So far, studies that examined such relationships have mostly focused on sperm velocity because it is an important predictor of males’ fertilizing and competitive abilities (e.g., Birkhead et al. 1999; Fitzpatrick and Lüpold 2014). However, sperm performance is multidimensional and other key sperm traits may also depend on the absolute size of, and ratios between, sperm morphological components. As an example, a negative correlation was observed between head-to-flagellum ratio and sperm longevity in the House Sparrow (Passer domesticus) (Helfenstein et al. 2010), hence advocating the need to consider additional sperm traits. Nevertheless, relationships among sperm morphological components and other metrics of sperm performance such as sperm longevity or sperm swimming endurance have rarely been quantified. In addition, theoretical developments and empirical evidence showed that major sperm traits are underlined by trade-offs (e.g., trade-off between sperm velocity and longevity, Levitan 2000), which might themselves be mediated by the length of sperm morphological components (Humphries et al. 2008).
Irrespective of their association with sperm swimming traits, sperm morphological components are themselves of primary interest in sperm competition contexts. In fact, despite the hypothesized directional selection exerted on those traits by post-copulatory competition, substantial within-species and within-individual variation in sperm morphological traits persists (Pitnick et al. 2009; Helfenstein et al. 2010; Fitzpatrick and Lüpold 2014; Rojas Mora et al. 2017). The evolutionary maintenance of such variation in species with significant sperm competition is paradoxical because sperm competition has been hypothesized to exert selection towards an optimal sperm design (Parker 1998; Birkhead and Pizzari 2002; Birkhead 2009), and comparative analyses accordingly show a decrease in within-ejaculate variance with increasing intensity of sperm competition (Kleven et al. 2008; Lifjeld et al. 2010). In contrast, a recent experiment on House Sparrows showed that within-male variation in sperm morphology depended on male social status, suggesting the existence of selective agents promoting the maintenance of within-ejaculate variation in sperm morphology (Rojas Mora et al. 2017). The maintenance of substantial within-individual variance might also stem from phenotypic synergies and/or trade-offs among sperm morphological traits. To make progress in our understanding of these selection patterns, one must quantify the within- and among individual relationships among sperm morphological traits at the phenotypic level.

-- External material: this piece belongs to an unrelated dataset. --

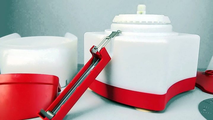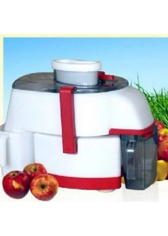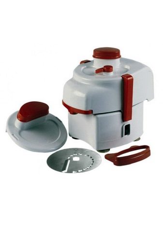 أما بالنسبة للعصارة ، فإن ميزتها الرئيسية هي جاك كابس للعصر ، وهي مصنوعة من الستانلس ستيل مع قاعدة معدنية. مبدأ عملها هو أنه أولاً ، يتم وضع أي فواكه مقطعة أو حتى خضروات في السلة ، ويتم وضع طبق خاص في الأعلى يتم تثبيته في الجهاز. ثم يعمل جاك ، والذي يرتكز على القاعدة ، ويدفعها لأعلى ، ويتم ضغط الثمار بالداخل بمساعدة هذا ، ونحصل على العصير.

We used a wild population of Great Tits, a passerine bird for which sperm morphological components (i.e., sperm head, midpiece, and flagellum) can be clearly distinguished, to quantify the among-male relationships between sperm morphological components (i.e., absolute lengths and ratios among components) and sperm swimming performance measured as sperm motility, velocity, longevity, and swimming endurance. Further, we quantified the within- and among-male relationships across sperm morphological components.
Materials and methods
This study was conducted in spring (April–June) of 2008 and 2009 in a natural population of Great Tits breeding in nest boxes in a forest near Bern, Switzerland (46°7′N, 7°8′E). Nest boxes were regularly visited from the beginning of the breeding season to determine hatching dates in 65 (2008) and 67 (2009) nests. In both years, all adult males were captured at their nest 7 days post-hatch. For each male, two sperm samples (ca. 0.5 μl) were collected by gentle cloacal massage (Wolfson 1952); one sample was immediately used for sperm swimming performance analyses and the second one was fixed in 100 μl formalin (5%) for later sperm morphological measurements. In 2008, as part of another experiment, brood size was manipulated on day 2 post-hatch [i.e., either augmented with two nestlings (n = 31 broods) or kept as original (n = 34 broods)] to quantify the effect of increased workload on male oxidative status (Losdat et al. 2011). Here, since the brood size manipulation may have influenced male sperm performance because of increased workload and energy expenditure, data from males whose brood size was augmented (n = 31) were excluded from all analyses. Altogether, this study included sperm data from 75 males.
Sperm performance
The first sperm sample was mixed with 50 μl of pre-warmed Dulbecco’s Modified Eagle’s Medium (4500 mg glucose/l, 110 mg sodium pyruvate/l, 4 mM l-glutamine, Sigma-Aldrich, Switzerland). Then 9 μl of sperm/buffer solution was immediately transferred under a dark-field phase contrast microscope. Sperm motion was video recorded for 2 min at 40 °C (using a microscope thermoplate) and analyzed after 0, 60, and 120 s of video-recording using a Computer Assisted Sperm Analysis plug-in implemented in ImageJ (Wilson-Leedy and Ingermann 2007). We assessed sperm performance as the percentage of motile sperm at time 0 (i.e., sperm motility) and as sperm straight line velocity (measured across motile sperm) at time 0 because those traits are primary predictors of fertilizing and competitive abilities (Pizzari et al. 2008; Pizzari and Parker 2009). We additionally used the rate at which sperm motility declines across the 0–2 min of video-recording (hereafter referred to as “sperm longevity”) and the rate at which sperm velocity declines across the 0–2 min of video-recording (hereafter referred to as “sperm swimming endurance”). To estimate the repeatability of sperm motion analyses, we reanalyzed different fractions of the sperm videos briefly after ejaculation for 66 males, which yielded very high measurement repeatability (sperm motility: r = 0.94, p < 0.0001; sperm velocity: r = 0.97, p < 0.0001).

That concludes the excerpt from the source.